本节描述了如何使用高阶API开发YARN应用。
一般概念是,应用程序提交客户端将应用程序提交到YARN ResourceManager(RM)。可以通过创建YarnClient对象来完成,启动YarnClient之后,客户端可以设置应用程序上下文,准备包含ApplicationMaster(AM)的应用程序的第一个容器,然后提交应用程序。需要提供的信息:例如关于运行应用所需的本地文件/Jar的详细信息,需要执行的实际命令(带有必要的命令行参数),任何OS环境设置(可选)等等,实际上,需要描述为ApplicationMaster启动的Unix进程。
然后,YARN ResourceManager将在分配的容器上启动ApplicationMaster(如指定)。ApplicationMaster与YARN集群通信,并处理应用程序执行。它以异步方式执行操作。在应用程序启动期间,ApplicationMaster的主要任务是:
a)与ResourceManager进行通信以协商和分配将来的容器资源;
b)容器分配后,与YARN NodeManager(NM)进行通信启动NM上的应用程序容器。
任务a)可以通过AMRMClientAsync对象异步执行,使用事件处理程序的AMRMClientAsync.CallbackHandler类型中指定的事件处理方法。需要将事件处理程序显式设置为客户端。任务b)可以通过启动可运行对象来执行,然后在分配了容器后启动容器。作为启动此容器的一部分,AM必须指定具有启动信息(例如命令行规范,环境等)的ContainerLaunchContext。
在应用程序执行期间,ApplicationMaster通过NMClientAsync对象与NodeManager通信。所有容器事件均由与NMClientAsync关联的NMClientAsync.CallbackHandler处理,典型的回调处理程序处理客户端的启动,停止,状态更新和错误。ApplicationMaster还通过处理AMRMClientAsync.CallbackHandler的getProgress()方法向ResourceManager报告Job执行进度。

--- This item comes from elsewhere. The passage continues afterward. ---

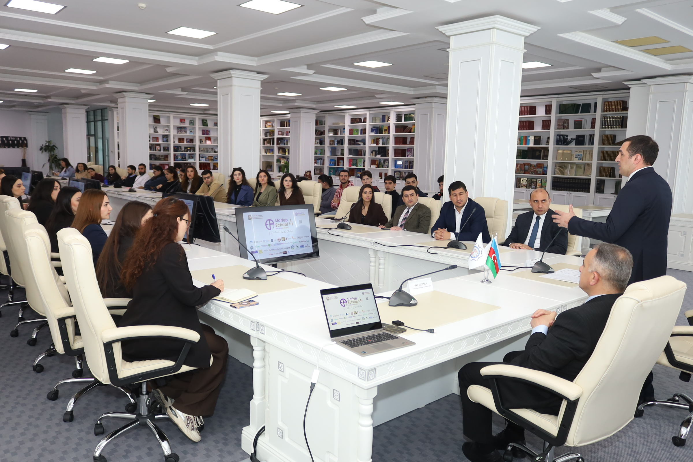 Azərbaycan Milli Elmlər Akademiyasının (AMEA) Mərkəzi Elmi Kitabxanasında AMEA Rəyasət Heyəti aparatının Elm və Təhsil şöbəsinin və Gənclər Akademiyasının birgə təşkilatçılığı ilə İqtisadi İslahatların Təhlili və Kommunikasiya Mərkəzinin (İİTKM) “Enterprise Azerbaijan” portalının həyata keçirdiyi “Startup School 4: Five Continents – 500 Startups” proqramı çərçivəsində təlim və infosessiya görüşü keçirirlib.

除了异步客户端,某些工作流(AMRMClient与NMClient)还有同步执行的版本。 但是推荐使用异步客户端是因为更简单的用法,本文将主要介绍异步客户端。 有关同步客户端的更多信息,请参考AMRMClient和NMClient。
以下是重要的接口:
注意:
YarnClient yarnClient = YarnClient.createYarnClient();
yarnClient.init(conf);
yarnClient.start();
YarnClientApplication app = yarnClient.createApplication();
GetNewApplicationResponse appResponse = app.getNewApplicationResponse();
YarnClientApplication对新应用程序的响应还包含有关群集的信息,例如群集的最小/最大资源能力。这是必需的,以便确保可以正确设置将在其中启动ApplicationMaster的容器的规格。 有关更多详细信息,请参考GetNewApplicationResponse。
客户端的主要关键在于设置ApplicationSubmissionContext,它定义RM启动AM所需的所有信息。 客户需要在上下文中设置以下内容:
1)应用信息,例如:id,name
2)队列,优先级消息:提交申请的队列,为申请分配的优先级
3)用户:提交应用的用户
4)ContainerLaunchContext:定义将在其中启动和运行AM的容器的信息。 如前所述,ContainerLaunchContext定义了运行应用程序所需的所有必需信息,例如本地资源:二进制文件,jar,文件等,环境设置(CLASSPATH等),要执行的命令和安全令牌(RECT)。
// set the application submission context
ApplicationSubmissionContext appContext = app.getApplicationSubmissionContext();
ApplicationId appId = appContext.getApplicationId();
appContext.setKeepContainersAcrossApplicationAttempts(keepContainers);
appContext.setApplicationName(appName);
// set local resources for the application master
// local files or archives as needed
// In this scenario, the jar file for the application master is part of the local resources
Map<String, LocalResource> localResources = new HashMap<String, LocalResource>();
LOG.info("Copy App Master jar from local filesystem and add to local environment");
// Copy the application master jar to the filesystem
// Create a local resource to point to the destination jar path
FileSystem fs = FileSystem.get(conf);
addToLocalResources(fs, appMasterJar, appMasterJarPath, appId.toString(),
localResources, null);
// Set the log4j properties if needed
if (!log4jPropFile.isEmpty()) {
addToLocalResources(fs, log4jPropFile, log4jPath, appId.toString(),
localResources, null);
}
// The shell script has to be made available on the final container(s)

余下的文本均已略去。